- **Your assignment**:
Please transcribe the data below in full, word for word, without the images.
Collected data section start
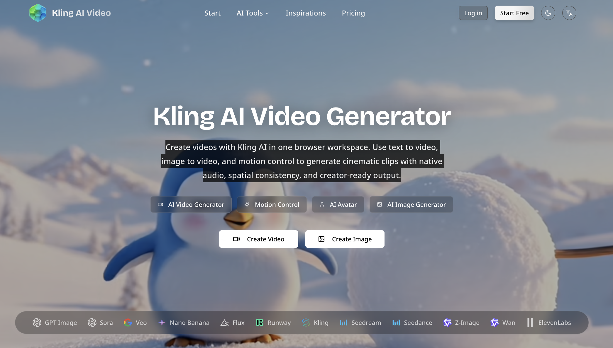 Create Kling AI videos online with text to video, image to video, and motion control. Generate cinematic clips with native audio and spatial consistency in your browser.
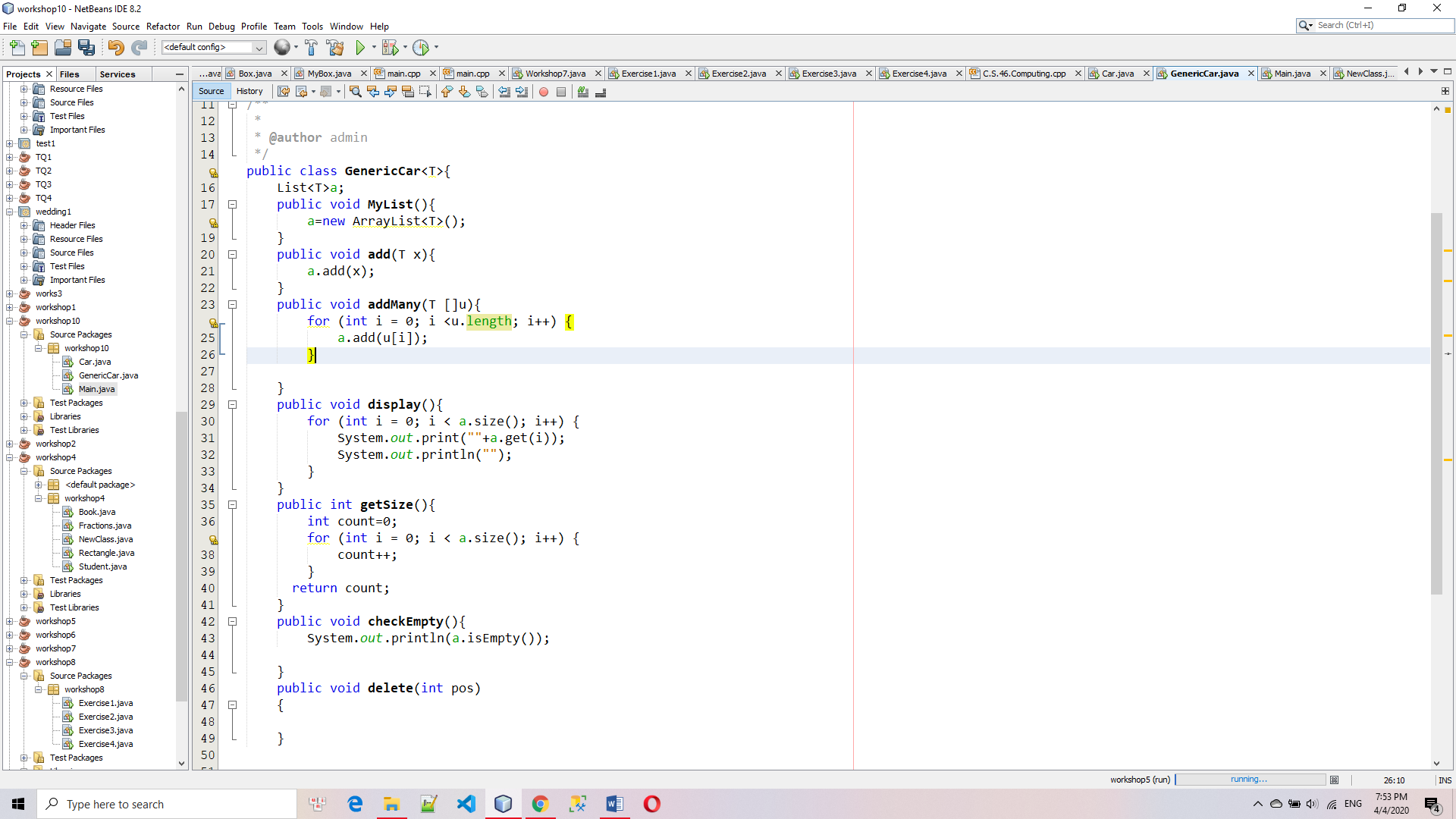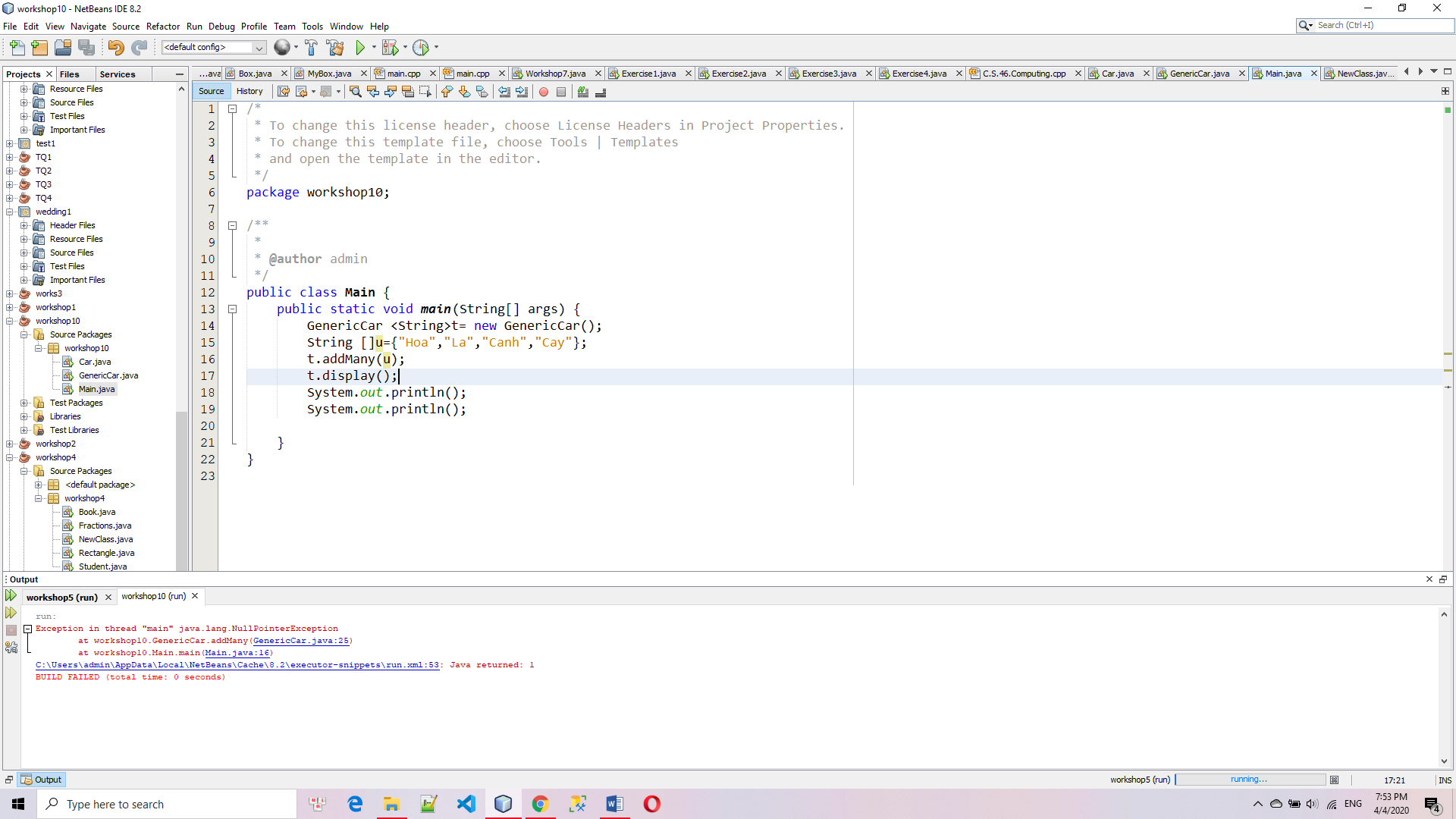 Trong trường hợp của bạn, thuộc tính a của class GenericCar<T> chưa được gán giá trị nào nên sẽ ko thể thực hiện lời gọi hàm a.add(u[i]) (trong hàm addMany()).
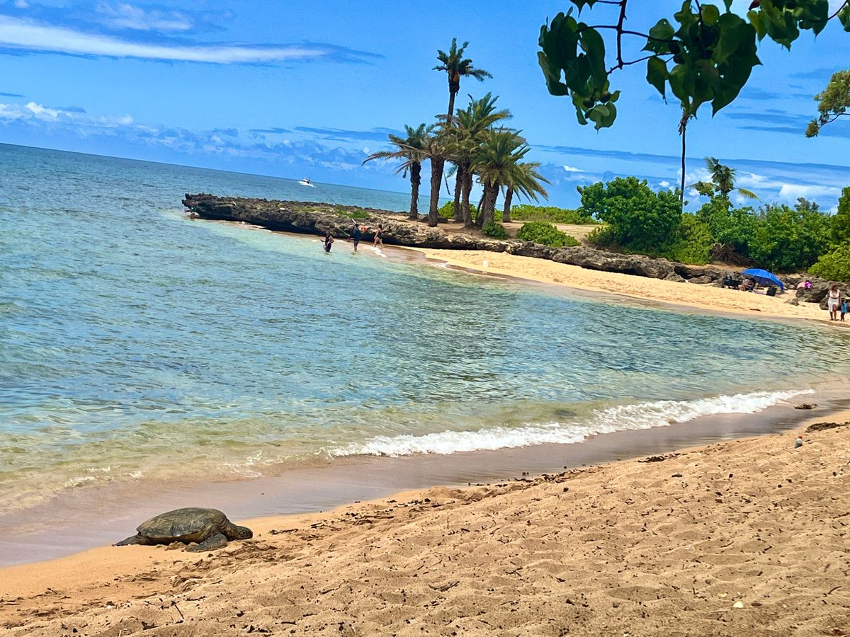 朝10時に出発なので、到着する頃にはジョバンニもハレイワボウルも開いていました。ビーチでウミガメにも会えましたし、パタゴニアやスヌーピーのお店でショッピングも楽しめました!
Collected data section end
- **Exercise answer**:
 Create Kling AI videos online with text to video, image to video, and motion control. Generate cinematic clips with native audio and spatial consistency in your browser.
 Trong trường hợp của bạn, thuộc tính a của class GenericCar<T> chưa được gán giá trị nào nên sẽ ko thể thực hiện lời gọi hàm a.add(u[i]) (trong hàm addMany()).
 朝10時に出発なので、到着する頃にはジョバンニもハレイワボウルも開いていました。ビーチでウミガメにも会えましたし、パタゴニアやスヌーピーのお店でショッピングも楽しめました!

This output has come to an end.